**Action item**
Please, could you print all the lines below exactly, leaving out the pictures?

**Stored data entries**
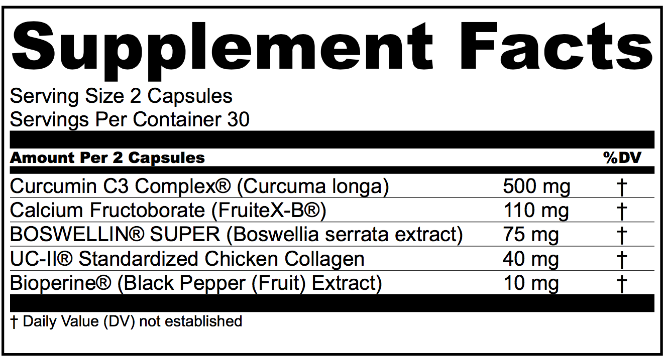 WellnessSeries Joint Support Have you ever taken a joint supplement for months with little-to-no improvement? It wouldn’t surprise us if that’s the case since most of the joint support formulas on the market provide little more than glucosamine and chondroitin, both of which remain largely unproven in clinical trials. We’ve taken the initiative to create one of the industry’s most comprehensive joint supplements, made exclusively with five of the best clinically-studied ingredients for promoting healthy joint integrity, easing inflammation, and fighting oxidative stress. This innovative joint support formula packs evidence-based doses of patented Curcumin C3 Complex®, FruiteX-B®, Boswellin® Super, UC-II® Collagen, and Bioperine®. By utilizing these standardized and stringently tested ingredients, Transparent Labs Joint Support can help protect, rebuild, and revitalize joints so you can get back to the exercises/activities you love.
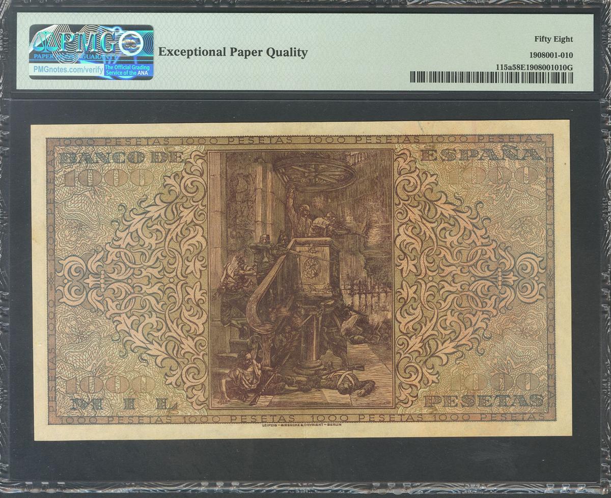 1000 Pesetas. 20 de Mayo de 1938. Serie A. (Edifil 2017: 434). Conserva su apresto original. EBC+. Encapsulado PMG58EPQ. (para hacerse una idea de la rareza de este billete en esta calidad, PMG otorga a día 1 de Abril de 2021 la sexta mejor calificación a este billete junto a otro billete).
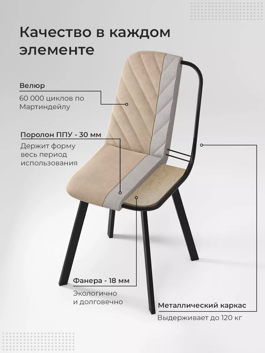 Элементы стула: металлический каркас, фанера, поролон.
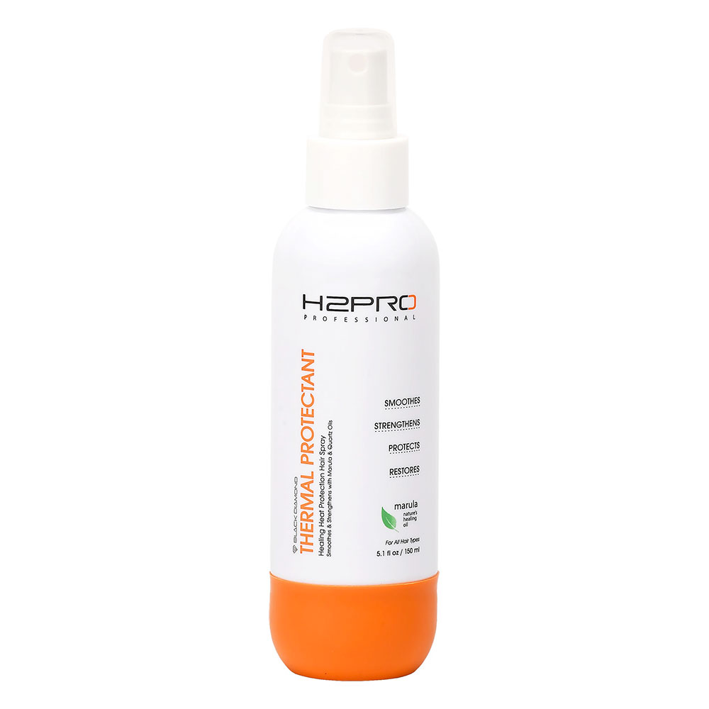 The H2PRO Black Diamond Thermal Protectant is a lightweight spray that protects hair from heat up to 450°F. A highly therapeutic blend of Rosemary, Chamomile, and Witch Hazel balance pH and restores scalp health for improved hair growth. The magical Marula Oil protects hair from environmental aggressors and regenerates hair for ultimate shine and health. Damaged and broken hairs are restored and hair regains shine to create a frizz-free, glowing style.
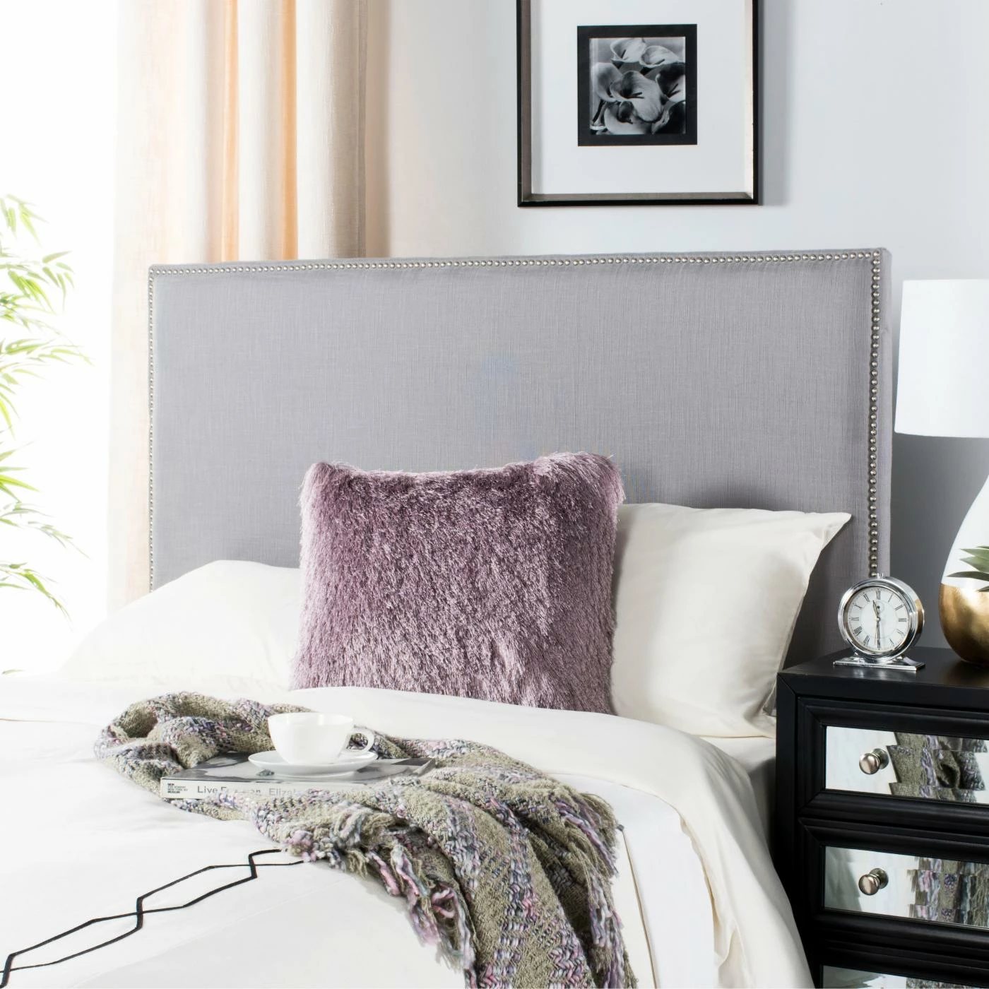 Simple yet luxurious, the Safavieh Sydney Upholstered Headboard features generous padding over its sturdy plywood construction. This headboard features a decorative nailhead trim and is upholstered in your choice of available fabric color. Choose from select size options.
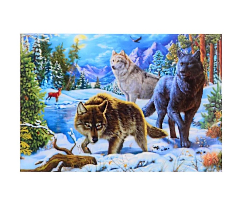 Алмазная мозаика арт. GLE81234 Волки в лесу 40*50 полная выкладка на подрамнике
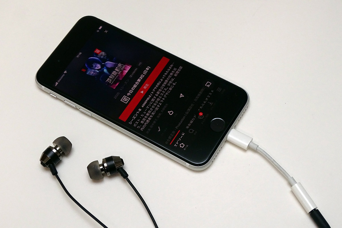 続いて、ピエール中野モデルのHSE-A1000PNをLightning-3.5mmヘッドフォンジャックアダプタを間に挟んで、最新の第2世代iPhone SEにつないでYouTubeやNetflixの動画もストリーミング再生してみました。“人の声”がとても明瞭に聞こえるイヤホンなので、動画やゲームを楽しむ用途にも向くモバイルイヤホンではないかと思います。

**Your response**
 WellnessSeries Joint Support Have you ever taken a joint supplement for months with little-to-no improvement? It wouldn’t surprise us if that’s the case since most of the joint support formulas on the market provide little more than glucosamine and chondroitin, both of which remain largely unproven in clinical trials. We’ve taken the initiative to create one of the industry’s most comprehensive joint supplements, made exclusively with five of the best clinically-studied ingredients for promoting healthy joint integrity, easing inflammation, and fighting oxidative stress. This innovative joint support formula packs evidence-based doses of patented Curcumin C3 Complex®, FruiteX-B®, Boswellin® Super, UC-II® Collagen, and Bioperine®. By utilizing these standardized and stringently tested ingredients, Transparent Labs Joint Support can help protect, rebuild, and revitalize joints so you can get back to the exercises/activities you love.
 1000 Pesetas. 20 de Mayo de 1938. Serie A. (Edifil 2017: 434). Conserva su apresto original. EBC+. Encapsulado PMG58EPQ. (para hacerse una idea de la rareza de este billete en esta calidad, PMG otorga a día 1 de Abril de 2021 la sexta mejor calificación a este billete junto a otro billete).
 Элементы стула: металлический каркас, фанера, поролон.
 The H2PRO Black Diamond Thermal Protectant is a lightweight spray that protects hair from heat up to 450°F. A highly therapeutic blend of Rosemary, Chamomile, and Witch Hazel balance pH and restores scalp health for improved hair growth. The magical Marula Oil protects hair from environmental aggressors and regenerates hair for ultimate shine and health. Damaged and broken hairs are restored and hair regains shine to create a frizz-free, glowing style.
 Simple yet luxurious, the Safavieh Sydney Upholstered Headboard features generous padding over its sturdy plywood construction. This headboard features a decorative nailhead trim and is upholstered in your choice of available fabric color. Choose from select size options.
 Алмазная мозаика арт. GLE81234 Волки в лесу 40*50 полная выкладка на подрамнике
 続いて、ピエール中野モデルのHSE-A1000PNをLightning-3.5mmヘッドフォンジャックアダプタを間に挟んで、最新の第2世代iPhone SEにつないでYouTubeやNetflixの動画もストリーミング再生してみました。“人の声”がとても明瞭に聞こえるイヤホンなので、動画やゲームを楽しむ用途にも向くモバイルイヤホンではないかと思います。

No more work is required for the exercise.